A pocos días de instalarse el próximo Congreso, conviene realizar un repaso a la nueva realidad parlamentaria a la que los representantes estarán sujetos para ejercer sus competencias. La primera de ellas es la posibilidad de una constante mutación de las bancadas producto del transfuguismo, pero camuflada de objeción de conciencia que desconoce la vital relación inversa de toda Asamblea Nacional: “a mayor representatividad, menor gobernabilidad” (Exp. N°0006-2017-TC/PI). En segundo lugar, interpretar que la cuestión de confianza puede plantearse “para cualquier cosa”, cuando sólo cabe para las competencias del ejecutivo; lo contrario resulta una intromisión a la autonomía funcional del Congreso (Exp. N°0006-2018-TC/AI).

La no reelección inmediata de parlamentarios fue el tercer cambio, promoviendo la orfandad política, impedir la profesionalización de sus cuadros y el fortalecimiento de partidos (Ley N° 30906). La cuarta reforma fue la eliminación de la inmunidad parlamentaria (Ley N° 31118), que trajo como inmediata consecuencia desconocer el principio de inviolabilidad, es decir, la garantía de no hacerse responsables “ante autoridad ni órgano jurisdiccional alguno por las opiniones y votos que emiten en el ejercicio de sus funciones” (artículo 93 CP). Todo lo anterior sumado a la resolución que avala al jefe de Estado para interpretar una “denegación fáctica de la cuestión de confianza” (Exp. N° 0006-2019-TC/PC), arma nuclear para promover la disolución de un Congreso incómodo.

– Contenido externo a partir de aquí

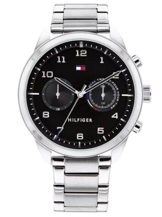 Zegarek męski Tommy Hilfiger 1791784 Patrick to modowy model w stylu casual, który pasuje do wielu stylizacji. Model 1791784 Patrick zostały stworzony z myślą o mężczyznach, dla których ważny jest zarówno elegancki wygląd, doskonała prezencja oraz solidne wykonanie. Zegarek 1791784 znakomicie sprawdzi się jako czasomierz zarówno na co dzień, jak i na wyjątkowe okazje. To także rewelacyjny pomysł na prezent, który z pewnością wywoła uśmiech. Jak wszystkie zegarki Tommy Hilfiger 1791784 wykonany został z wysokiej jakości materiałów - koperta wykonana jest ze stali szlachetnej, gwarantującej trwałość, odporność na korozję oraz wysoką odporność na uszkodzenia. Tommy Hilfiger 1791784 rewelacyjnie prezentuje się na nadgarstku, a dopasowana bransoleta ze stali szlachetnej zapewnia niezwykle komfortowe użytkowanie. Kolorystyka została utrzymana w ponadczasowych barwach, które można wykorzystać do różnych stylizacji. Na czarnej tarczy umieszczono rozpoznawalne logo marki. Działanie i precyzyjny pomiar czasu zegarka 1791784 zasila bateria napędzająca kwarcowy mechanizm o dużej dokładności. Zegarek posiada 5 ATM wodoszczelności znakomicie sprawdzające się na co dzień.

Los últimos cinco años han sido nefastos para una forma de gobierno (neopresidencialista) que, con sus más y menos para la gobernabilidad, ha venido operando durante cuatro mandatos democráticos consecutivos en nuestra historia republicana. Se resume en el sistemático menoscabo a la autonomía constitucional del Congreso, ahora capitidisminuido, que desde el 28 de julio tendrá la tarea de fiscalizar el ejercicio del poder gubernamental, pero ahora sin garantías institucionales para un efectivo balance de poderes.